Medicated Mondays – 11/29: Trainwreck

Today’s strain is, Trainwreck, shout out to THC4U2C for this beautiful shot of some Trainwreck 3 weeks into bud. Each Monday there will be a new strain with snippets from around the web about the strain. If you’ve tried this strain feel free to let us know your experience in the comments section below. What was the high like? How did it taste? How did it smell? If you’ve got some bud and want it to make an appearance in a future Medicated Mondays, snap some pics and send them to tribute@hailmaryjane.com and be sure to include the name of the strain as well as any information you may have about it.

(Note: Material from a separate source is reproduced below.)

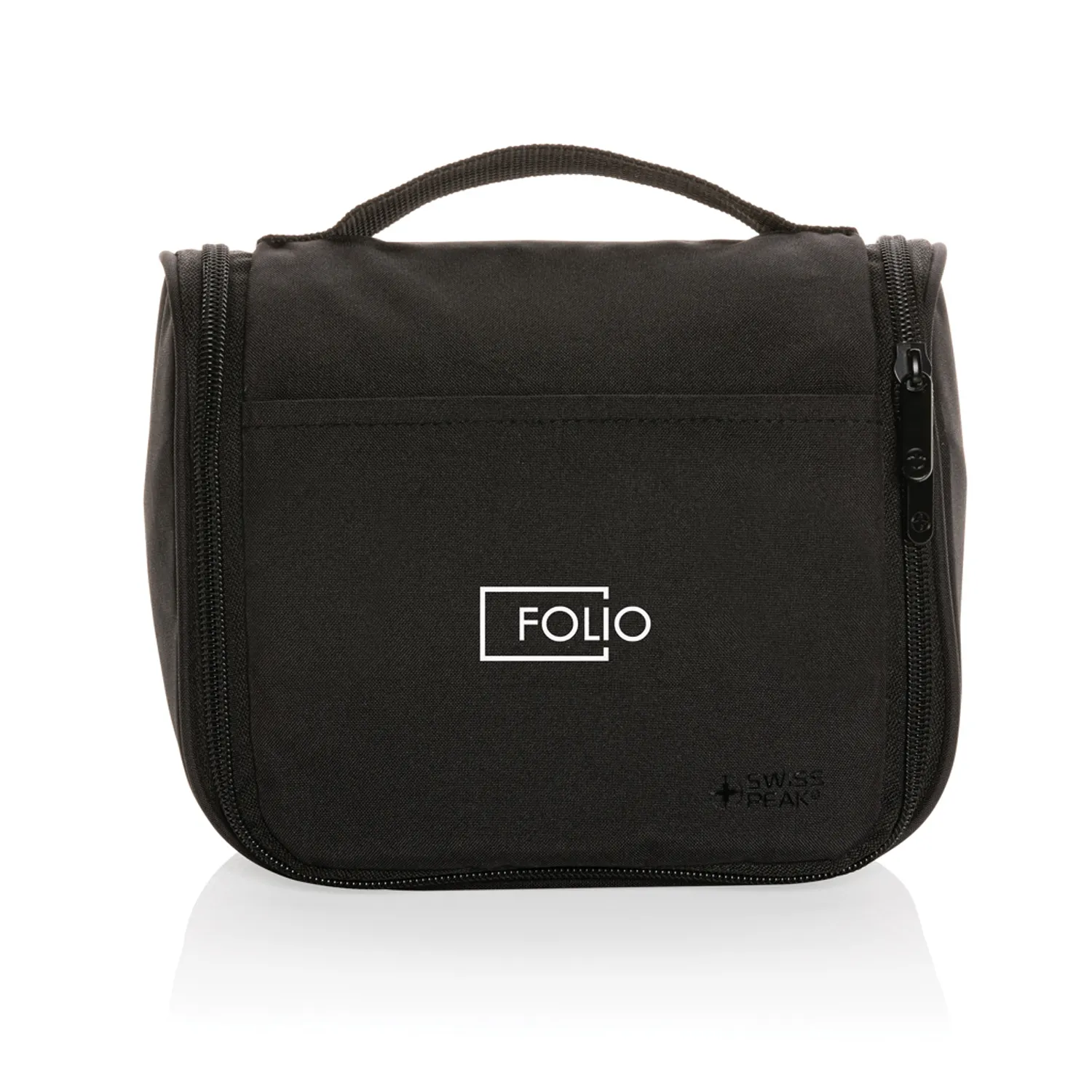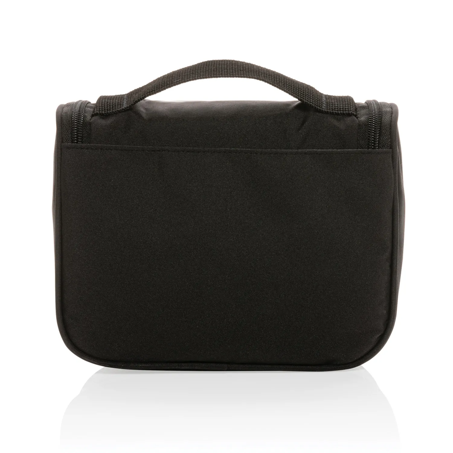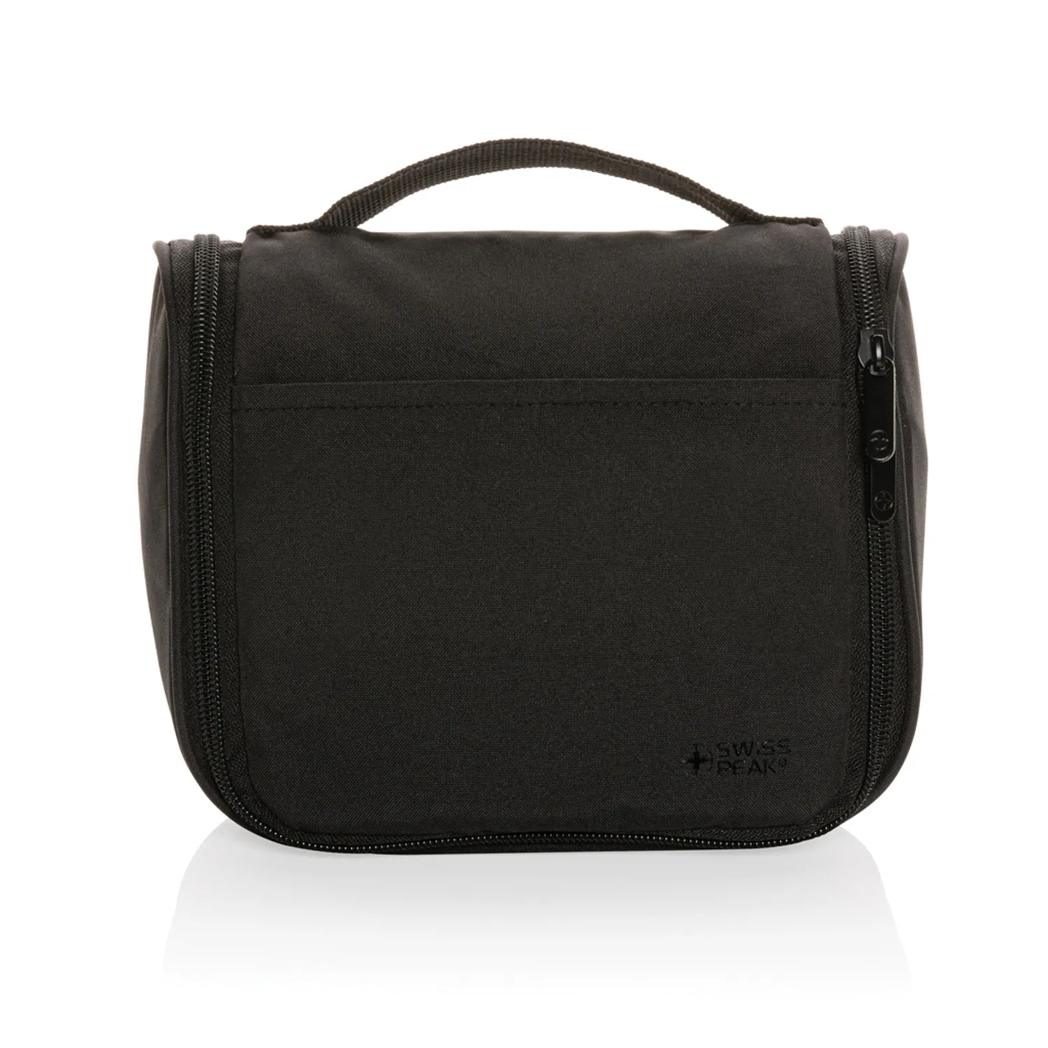 Дорожная косметичка Lohan — это стиль и комфорт в любой поездке. Большая и вместительная, она позволит взять с собой и косметику, и предметы гигиены. В косметичке есть одно общее отделение, четыре дополнительных, два открытых сетчатых кармана и один — на застежке-молнии. С внутренней стороны есть петля для крючка, который входит в комплект: так косметичку можно подвесить для большего удобства. Как и остальные продукты Swiss Peak, косметичка выполнена в глубоком черном цвете и смотрится очень стильно, строго и по-деловому. Она станет отличным подарком, который поможет поддерживать порядок во время поездок и мужчинам, и женщинам. Содержание вторичных материалов: 100%. Сертифицировано AWARE™. Наличие индикаторных частиц AWARE™ подтверждает, что мы действительно используем переработанные материалы. 2% с продажи каждой вещи, отмеченной сертификатом AWARE™, мы перечисляем в поддержку всемирной организации Water.org.

I’m a fan of Trainwreck when I want to straight chill and do absolutely nothing but watch a movie, definitely not a ‘get up a do a bunch of shit’ strain.

Stuff Stoners Like:

Name: Trainwreck
Score: 8/10
From: Berkeley Patients Group
Type: Sativa dominant…maybe up to 100% if you find the right stuff
Genetics: This is another one of those strains that’s steeped in mythology. A lot of people up in Nor Cal will gut your ass if you don’t nod your head in agreement while they tell you it’s originally from Arcata, CA grown on a hillside near the site of some nasty summer-time train wreck back when Jerry, Jimi and Janis ruled the world in the 60’s. Some say it’s a product of two brothers from the 80s. And, a few think Tupac’s alive. But, really who gives a damn shit, right?
Price: $440/ounce or practically free if you grow it
Appearance: Strikingly beautiful like Kristen Schaal’s personality, with smallish nugs that look very sativa-like…akin to those rad 60’s Sativas from South America, which they kinda taste like, but absolutely coated in bright white li’l electric crystals. The buds are super dense and solid…like li’l green petrified popcorn.
Smell: Close your eyes and think back to the first time you ever smelled weed. Think Janis Joplin minus the vodka…no…better yet, close your eyes and imagine what Otto’s jacket would smell like. Yep, that’s exactly its intoxicating aroma.
Flavor: Absolutely fabulous. Trainwreck has a taste all its own, very very danky, very spicy, rich and complex.
High: Train’s got a very soaring high like a rocket ship that goes straight to the head and comes on fast and strong like a freight train.
Buzz Length: This shit grips on with white knuckles and won’t let go…like a psycho stalker ex-boryfriend who doesn’t take a hint and seemingly lasts forever like the fuckin’ rash he gave you.
Medical Uses: Great for depression, great for curing nausea, bringing on the munchies or turning an ugly chick cute. Wait…who said that?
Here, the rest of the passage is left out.